**Exercise prompt:** Pictures must not appear; the answer is exactly the lines from the one that holds "ببینید | تغییر" through the end of the material.

**Supplied data:**
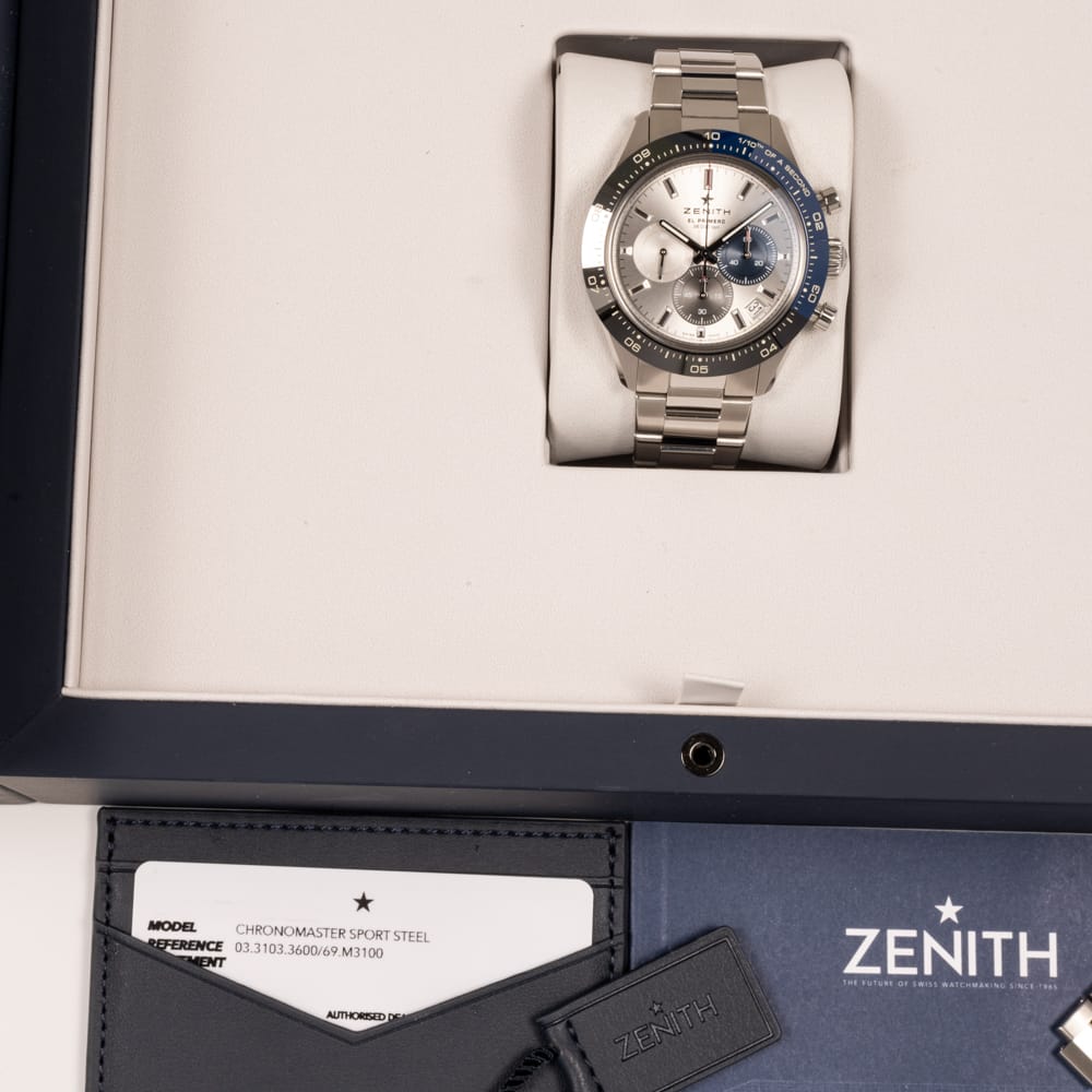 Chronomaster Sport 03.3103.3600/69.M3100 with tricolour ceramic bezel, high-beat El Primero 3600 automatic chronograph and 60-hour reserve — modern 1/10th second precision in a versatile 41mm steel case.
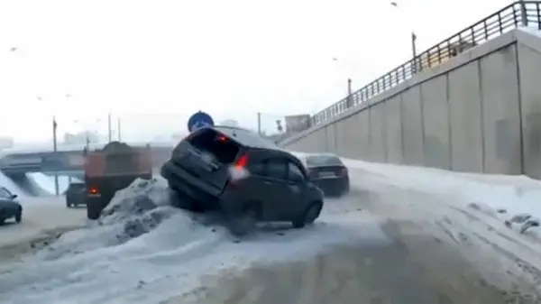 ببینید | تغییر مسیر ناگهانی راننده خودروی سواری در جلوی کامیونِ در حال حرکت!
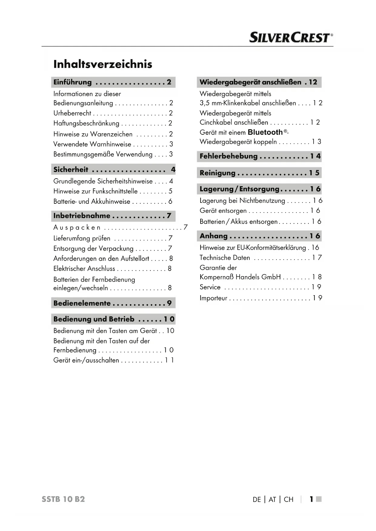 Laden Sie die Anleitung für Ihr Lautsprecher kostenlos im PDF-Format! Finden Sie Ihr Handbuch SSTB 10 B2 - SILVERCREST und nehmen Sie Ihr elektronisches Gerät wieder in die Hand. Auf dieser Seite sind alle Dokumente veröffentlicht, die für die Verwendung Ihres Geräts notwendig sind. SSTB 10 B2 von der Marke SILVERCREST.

**Answer space:**
 ببینید | تغییر مسیر ناگهانی راننده خودروی سواری در جلوی کامیونِ در حال حرکت!
 Laden Sie die Anleitung für Ihr Lautsprecher kostenlos im PDF-Format! Finden Sie Ihr Handbuch SSTB 10 B2 - SILVERCREST und nehmen Sie Ihr elektronisches Gerät wieder in die Hand. Auf dieser Seite sind alle Dokumente veröffentlicht, die für die Verwendung Ihres Geräts notwendig sind. SSTB 10 B2 von der Marke SILVERCREST.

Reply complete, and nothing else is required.